Unsurprisingly, though, the Obama administration, which recently sought a massive expansion of U.S. taxpayer funding for the widely criticized UN military machine, fully supported the effort. Washington, D.C., backing for allowing the UN’s armed forces to operate drones in their wars was advanced under the guise of “protecting civilians.” Ironically, perhaps, estimates suggest thousands of civilians have been murdered by drones around the world on orders from the Obama administration, in flagrant violation of the U.S. Constitution and due-process rights.

“This is the idea that the UN peacekeeping authorities are putting forward to have unarmed UAVs participate in peacekeeping missions,” said Obama State Department spokesperson Victoria Nuland at the time. “This would only happen with the consent of the country or the countries where the mission would operate, and their use would not impact in any way on sovereignty. Again, they would be unarmed, and they would only be carrying photographic equipment.”

Of course, the UN also sought to market the ploy as a way to “help” civilians. Even a brief examination of its atrocious record in “peacekeeping,” however, would seem to make a mockery of those supposed justifications. In the Congo, for example, where the UN’s drones are currently deployed, human rights organizations have documented atrocity after barbaric atrocity perpetrated by UN troops or UN-backed regime forces against innocent civilians.

In fact, as The New American reported in 2010, the UN-backed forces operating across the Congo may be an even greater threat to civilians than the “armed groups” that the global body is trying to disarm and crush. According to an umbrella group of 84 organizations called the Congo Advocacy Coalition and even a report commissioned by the UN itself, the “peacekeeping” machinations have been an unmitigated disaster, with soldiers killing and raping civilians with impunity.

“For every rebel combatant disarmed, one civilian has been killed, seven women and girls have been raped, six houses have been burned and destroyed and 900 people have been forced to flee their homes,” the coalition calculated after an investigation.

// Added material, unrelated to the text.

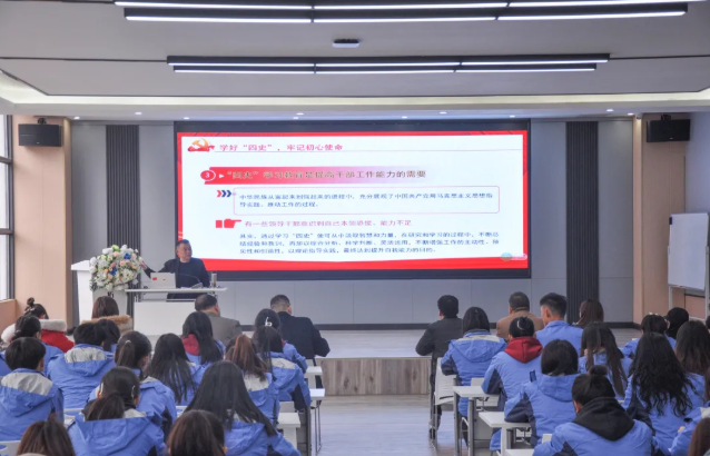 12月1日上午,學院黨委副書記、院長邱國援在拓海學院會議室,為社會服務系師生作《學好“四史”·踐行使命》專題宣講。教師和學生代表100余人參加學習。

The UN-backed operations have “resulted in an unacceptable cost for the civilian population,” the group said in a press release at the time.

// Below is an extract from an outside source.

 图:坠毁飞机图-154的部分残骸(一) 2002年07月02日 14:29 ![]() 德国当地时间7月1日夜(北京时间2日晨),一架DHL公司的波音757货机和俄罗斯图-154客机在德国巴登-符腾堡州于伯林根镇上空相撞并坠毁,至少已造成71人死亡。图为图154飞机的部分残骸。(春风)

Even radical pro-UN groups blasted the UN mission, with Human Rights Watch saying the global “peacekeepers” were “supporting an army that is attacking its own population.” The Associated Press reported that the group identified more murders of civilians perpetrated by the UN and its partner regime than by the “rebels” they were supposedly fighting. Incredibly, even a UN-commissioned report by a “Group of Experts” documented some of the horrors. Still, the mission continues — now with drones to help out.

Of course, the current regime ruling over the Congo is led by Joseph Kabila, who was trained by the Communist Chinese “People’s Liberation Army” in Beijing. The UN has a long and atrocious history of fighting on behalf of brutal governments. More recently, as The New American reported last year, UN “peace” forces have come under fire for everything from corruption and lawlessness to spreading deadly diseases and even murdering and sexually abusing civilian populations in countries they occupy.

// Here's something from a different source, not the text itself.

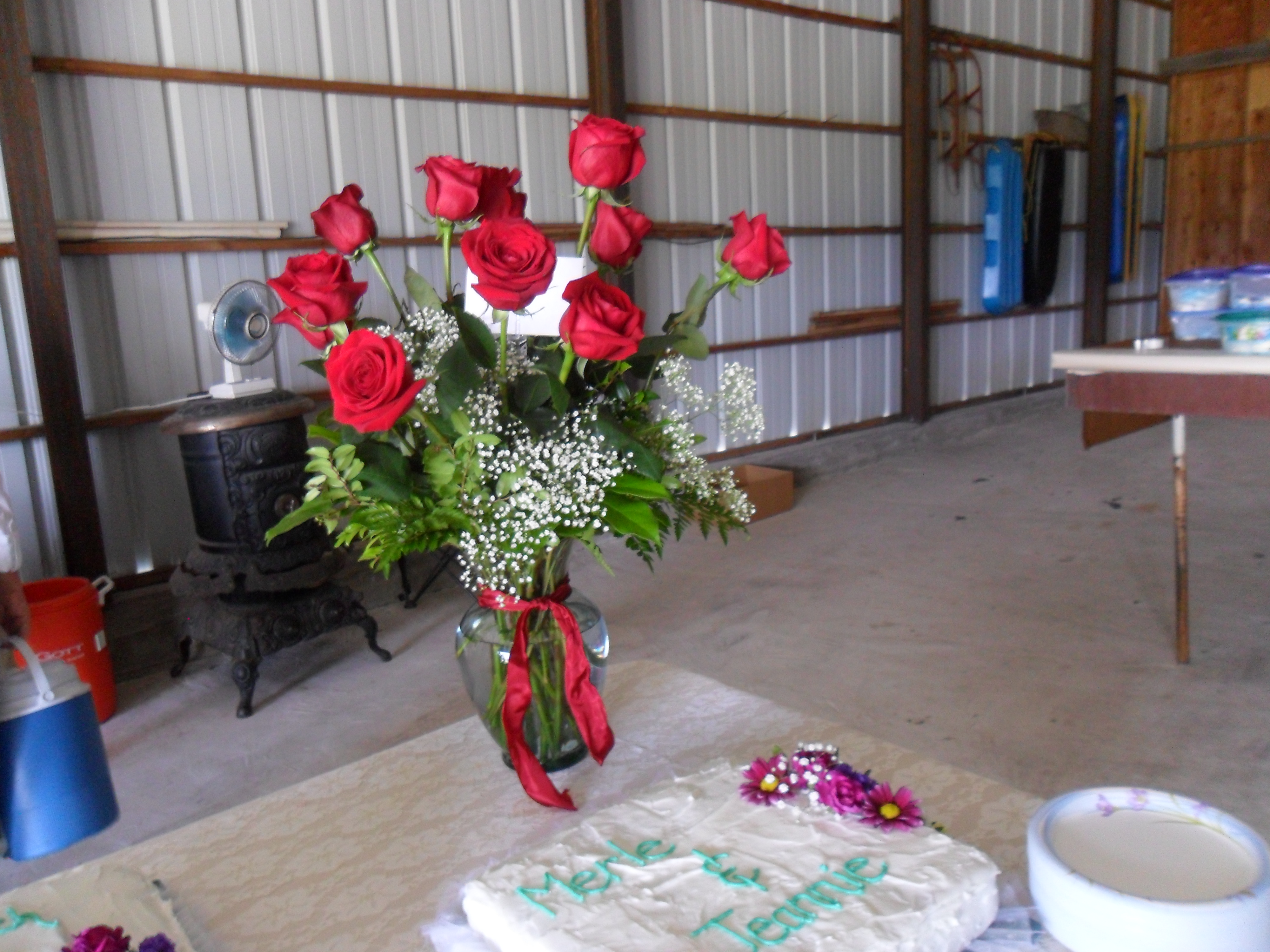 The cake was delicious. I usually don’t eat icing, but this was melt in your mouth, not too sweet, wonderful. Uncle M.gave Aunt E a dozen roses, a tradition that started with their 50th wedding anniversary. After a come and go reception we had a potluck dinner that included family and close friends. Daddy blessed the food, the honored couple, and all those in attendance. We toasted the couple with wine made from plums from Uncle M’s orchard. There is a man who buys all the plums from Uncle M and then makes wine at a local winery. Well, I assume it is local, it is in Polebridge, Montana. It is called Merabelle Plum Wine. The food was abundant and all delicious.

The discussion about whether or not the UN’s military should be operating drones, though, diverts attention away from much more fundamental issues that must be addressed. Why, for instance, should the United States government remain a member — and primary financier — of a scandal-plagued organization that is dominated by autocrats and openly hostile to the U.S. Constitution and the God-given rights of Americans? The UN is currently seeking a U.S.-based “disarmament officer” for reasons that remain unclear.

Legislation in Congress right now — H.R. 75, The American Sovereignty Restoration Act — would revoke U.S. membership in the scandal-plagued global body and end all funding for it. Another alternative would be for the House to end all funds for the UN until the U.S. government can formally withdraw. Not only would such a move benefit the American people, who are increasingly coming under attack from an out-of-control UN they pay for, it would be especially helpful to the people around the world whom the UN purports to “help.”